Predictions and ImageNet classes

Do you want to get model predictions alongside activations for free, and subsequently convert them into ImageNet classes? Simply set the return_predictions argument to True and use the get_imagenet_classes helper (the function works for both synset and class files). Note that this is, unfortunately, not (yet) possible for CLIP models due to their multi-modality and different training objectives.

features, targets, predictions = vision.extract_features(model, dl, module_name, batch_size, flatten_acts=False, device=device, return_predictions=True)
imagenet_classes = vision.get_imagenet_classes(PATH='./data/imagenet1000_classes.txt', predictions=predictions)

Model comparison

To compare object representations extracted from specifid models and layers against each other, for a List[str] of models and layers a user can perform the following operation,

clip_list = [n.startswith('clip') for n in model_names]

correlations = vision.compare_models(
                                     root=root,
                                     out_path=out_path,
                                     model_names=model_names,
                                     module_names=module_names,
                                     pretrained=True,
                                     batch_size=batch_size,
                                     flatten_acts=True,
                                     clip=clip_list,
                                     save_features=True,
                                     dissimilarity='correlation',
                                     correlation='pearson',
                                    )

The function returns a correlation matrix in the form of a Pandas dataframe whose rows and columns correspond to the names of the models in model_names. The cell elements are the correlation coefficients for each model combination. The dataframe can subsequenly be converted into a heatmap with matplotlib or seaborn. We will release a clear and concise documentary as soon as possible. Until then, we recommend to look at Section 3.2.3 in the bioRxiv preprint.

IMPORTANT NOTES:

  1. Image data will automatically be converted into a ready-to-use dataset class, and subsequently wrapped with a PyTorch mini-batch dataloader to make neural activation extraction more efficient.

  2. If you happen to use the THINGS image database, make sure to correctly unzip all zip files (sorted from A-Z), and have all object directories stored in the parent directory ./images/ (e.g., ./images/object_xy/) as well as the things_concept.tsv file stored in the ./data/ folder. bash get_files.sh does the latter for you.
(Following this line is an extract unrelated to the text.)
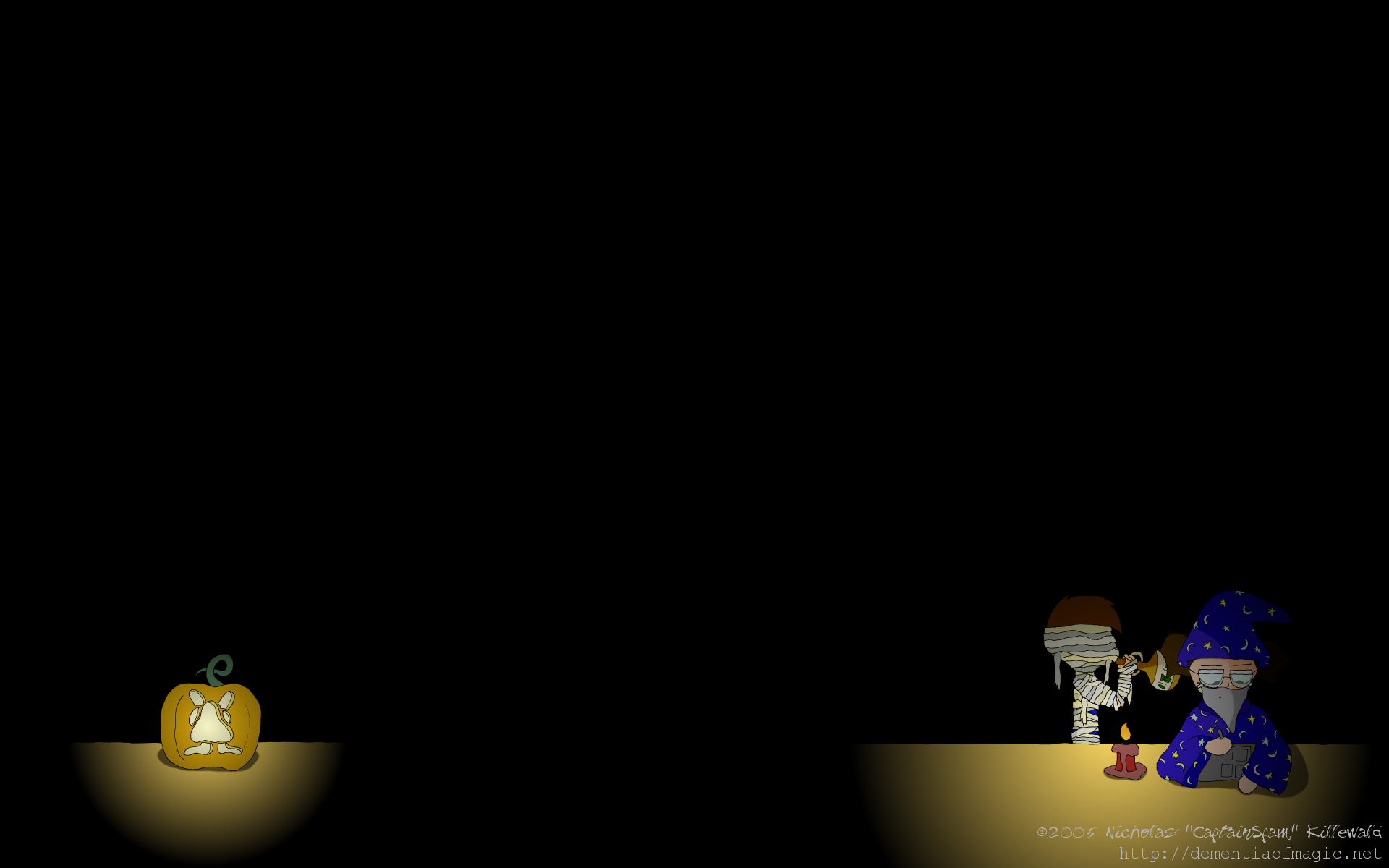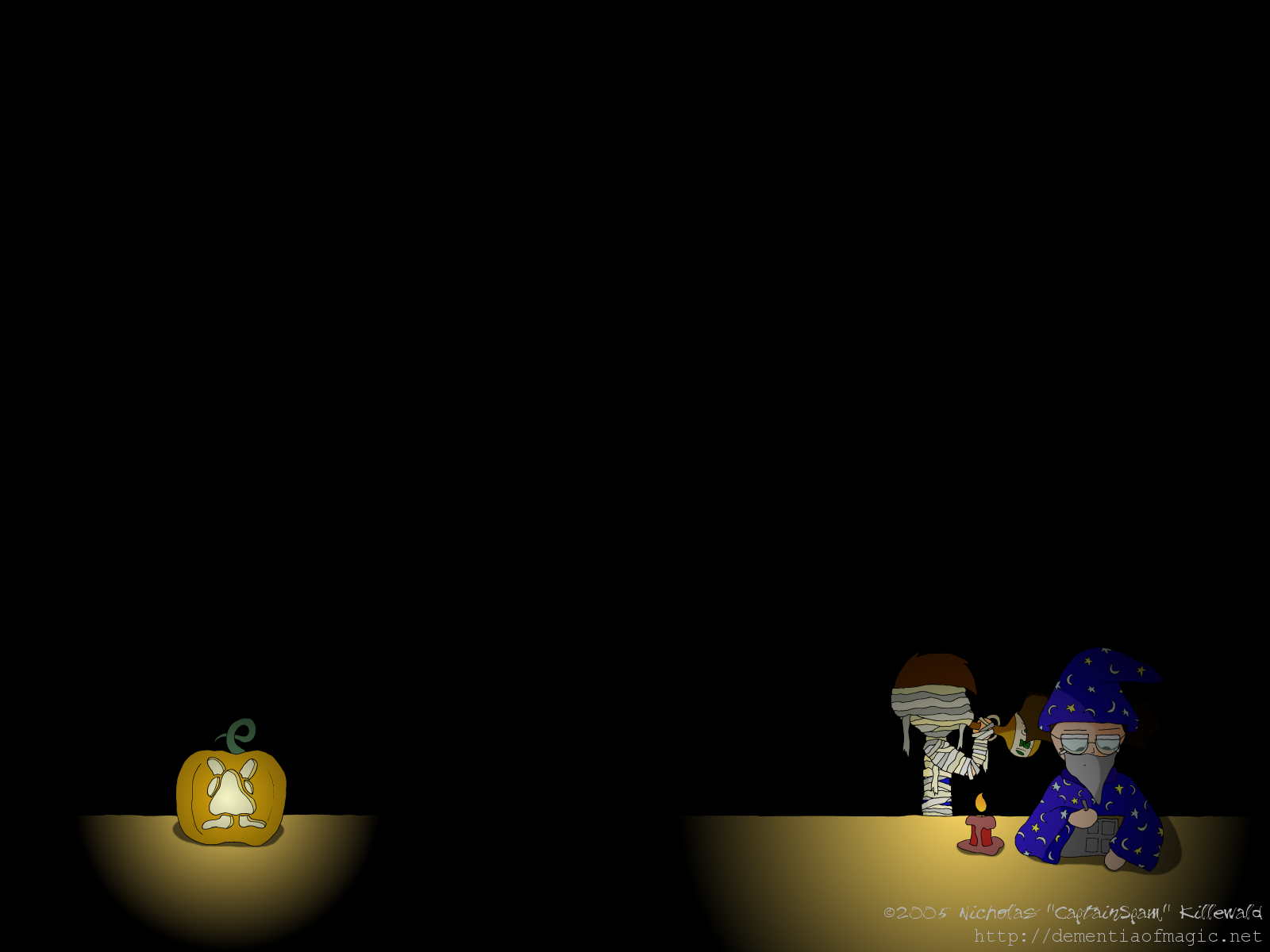 So, Halloween reared its head once again. And wouldn't you know it, I decided on a wallpaper this year! Enjoy myself and Phil as our usual festive selves in the corner of your desktop!

Images, however, must be downloaded from the THINGS database.

  3. Features can be extracted at every layer for all torchvision, CORnet and CLIP models.

  4. If you happen to be interested in an ensemble of feature maps, as introduced in this recent COLING 2020 paper, you can simply extract an ensemble of conv or max-pool layers. The ensemble can additionally be concatenated with the activations of the penultimate layer, and subsequently transformed into a lower-dimensional space with PCA to reduce noise and only keep those dimensions that account for most of the variance.

  5. The script automatically extracts features for the specified model and layer and stores them together with the targets in out_path (see above).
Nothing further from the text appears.